Sultana's Dream and Selections from The Secluded Ones (A Feminist Press Sourcebook)
S**.
Surprisingly Informative Book
Hold the work titled on the book as well as stories by and about the original Author. Had no idea what Muslim Indian culture was like in this time period. The author is apparently known for her surprising humor, and I understand why now.
W**D
Interesting.
Really, I just came here for the dream story. It's set in a conservative part of India (or somewhere near), where strict segregation of men and women remains the norm. Depending on how strict, this could approach imprisonment for the women. It's for the women's own good, of course, because mean can be so dangerous and unpredictable.The women, in their gender-exclusive research universities, have been developing solar energy, electric vehicles, weather control, and other such fripperies - useless to the men, interested only in more powerful weapons. Then a war breaks out, and the men lose badly. Beaten and in retreat, they retreat to the city and await conquest. At this point, the women offer to give it a shot, reasoning that nothing they do could make things worse. In order to maintain the segregation, this means the men must take to seclusion while the women try to defend the city.They do this brilliantly, or course. Their mastery of solar energy adapts readily to use as a heat ray. It scorches the enemy where they stand, without ever putting the women's frailty in harm's way. The men's seclusion endures after the war is won - after all, doesn't it make more sense to put the dangerous animals behind bars and let the decent citizens walk freely? It's a very short story, but an interesting Utopia of women in charge.I also found the brief descriptions of purdah interesting if somewhat horrifying, and only worse knowing that such conditions still exist. The biography and commentary interest me less, so I leave them to other commentators. So, although the content is thin, I found it well worth reading, and notably prescient in some of the women's technology.-- wiredweird
A**N
Five Stars
Love this book! Feminist sci-fi written by a Bengali woman in 1905?! Yes, Please!
B**N
An unusual story
This is an interesting book that gives an insight to the Indian tradition of purda. The only disappointment was that the back cover had a deep crease but, I would still recommend this company.
M**A
Not as it appears
This is not a book, this is a pamphlet about a book. I am disappointed, great writing just too little for too much money!
T**R
Near East Feminism
This is a fascinating collection of work written by three near east feminists.
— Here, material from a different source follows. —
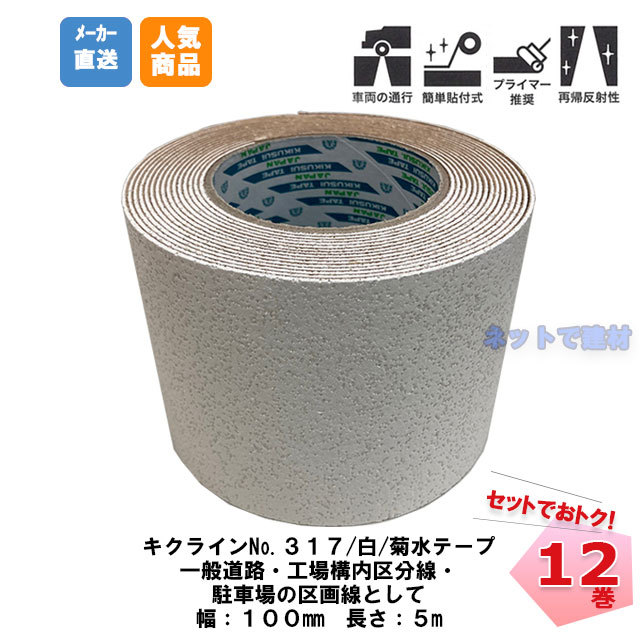 キクラインテープ No.317 100mm幅×5m 白色 菊水テープ 12巻 (1箱) まとめ売り 貼付 道路 駐車場 路面標示用 合成ゴム 反射ビーズ 道路 駐車場 プロ仕様 舗装 屋外 路面 安全 区画整理 横断歩道 工事用 施工 工場区分線 バラもあります

The length is part of its strength.Highly recommended.
F**A
Don't bite if you're not Indian because it's like a foreign language to you
It was a gross mistake I thought it wasn't dream interpretation book its of no interest to me there's nothing in it that I want to read or even care to read sorry
R**N
Purdah.... a complex issue
This little book was more than just an extraordinary short story written by a woman in 1905 who examined and questioned purdah by turning the issue into a humorous "dream" sequence (in a place where the men are in purdah!) - it is also a compilation of other materials in the examination of what purdah is and means. Relatively unknown and not understood in the West, "purdah" ("parda" in Hindi, meaning 'curtain') is the seclusion and segregation of women (even from other women, not of the family) and is a tradition that is thrust upon women of many Middle Eastern and Asian societies. In the West we confusedly belief it is only Muslim when in fact other religions undertake it as well.Rokeya Hossain wrote Sultana's Dream at the urging of her husband who was quite forward-thinking (for an Asian male in the early part of the last century!) and who believed that by writing, she would be able to perfect her English skills. The Dream is brilliantly simple and clearly written. The idea that a woman in purdah should suddenly find herself in a place where it is the men in the society who are hidden away and where life is peaceful and intellectual thought and political balance are the norm (as a result of not having the men out messing things up), is a delight even to a contemporary Western reader.The second section of this book is a section complied by Roushan Jahan in which Hossain's writing about purdah (from a book called "The Secluded Ones") is reproduced in the form of various 'reports' all of which demonstrate something fundamentally absurb or violent about being in purdah. The third section is a piece by a Western woman named Hanna Papanek who examines how much more complicated purdah is than just a means by which men in a given society control and suppress women. That definition is certainly valid, but Papanek also examines a case where a woman raised in purdah finds "exposure" (after a life of purdah) to be fraught with fear and discomfort.In all, a fascinating and in a strange sense appalling cultural phenomena that is basically unknown to the West, purdah is handed here to the reader in a way that makes it possible to examine it without generating the viseral anger that the idea raises in most educated women. I am strongly inclined to study the issue further and to find "The Secluded Ones" - once I feel strong enough not to let it infuriate me!
H**N
Five Stars
A wonderful book, delivered quickly - thank you.
N**E
Made me want to read the rest.
Not what I expected as this is really an academic review from a feminist perspective (?)of some of the work of Rokeya Sakhawat Hossain. However the appraisal was easy reading and I will look for the full texts elsewhere as this has wet my appetite.